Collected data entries
□ □ □ □ □
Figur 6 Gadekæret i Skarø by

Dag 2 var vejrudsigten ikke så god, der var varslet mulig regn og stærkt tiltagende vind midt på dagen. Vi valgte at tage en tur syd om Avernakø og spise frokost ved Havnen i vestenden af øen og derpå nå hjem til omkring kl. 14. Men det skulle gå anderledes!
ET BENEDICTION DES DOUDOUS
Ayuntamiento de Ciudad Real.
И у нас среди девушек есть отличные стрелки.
□ □ □ □ □
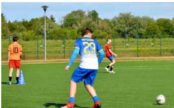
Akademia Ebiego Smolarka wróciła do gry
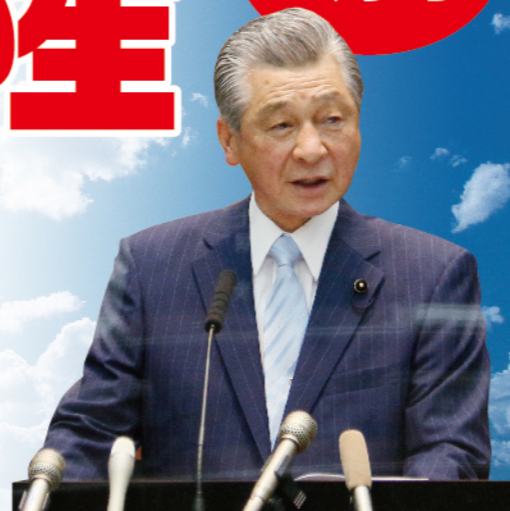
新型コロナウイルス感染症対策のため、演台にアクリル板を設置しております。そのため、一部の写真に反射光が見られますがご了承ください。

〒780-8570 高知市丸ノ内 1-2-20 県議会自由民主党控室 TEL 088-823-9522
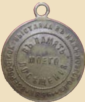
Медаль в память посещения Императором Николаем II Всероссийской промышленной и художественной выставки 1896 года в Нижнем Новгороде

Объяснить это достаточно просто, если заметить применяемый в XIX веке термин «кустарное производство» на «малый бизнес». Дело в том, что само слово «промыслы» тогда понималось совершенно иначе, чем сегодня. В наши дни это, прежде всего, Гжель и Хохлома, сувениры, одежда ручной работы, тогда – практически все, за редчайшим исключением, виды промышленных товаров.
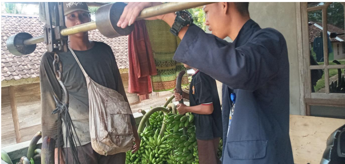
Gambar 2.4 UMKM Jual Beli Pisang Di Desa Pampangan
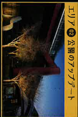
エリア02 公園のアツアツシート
□ □ □ □ □
**Exercise prompt**
Reproduce the lines above beginning at the line that contains "県議会自由民主党控室 TEL 088-823-9522" and ending at the line that contains "Медаль в память". No pictures.

**Exercise response**
〒780-8570 高知市丸ノ内 1-2-20 県議会自由民主党控室 TEL 088-823-9522
Медаль в память посещения Императором Николаем II Всероссийской промышленной и художественной выставки 1896 года в Нижнем Новгороде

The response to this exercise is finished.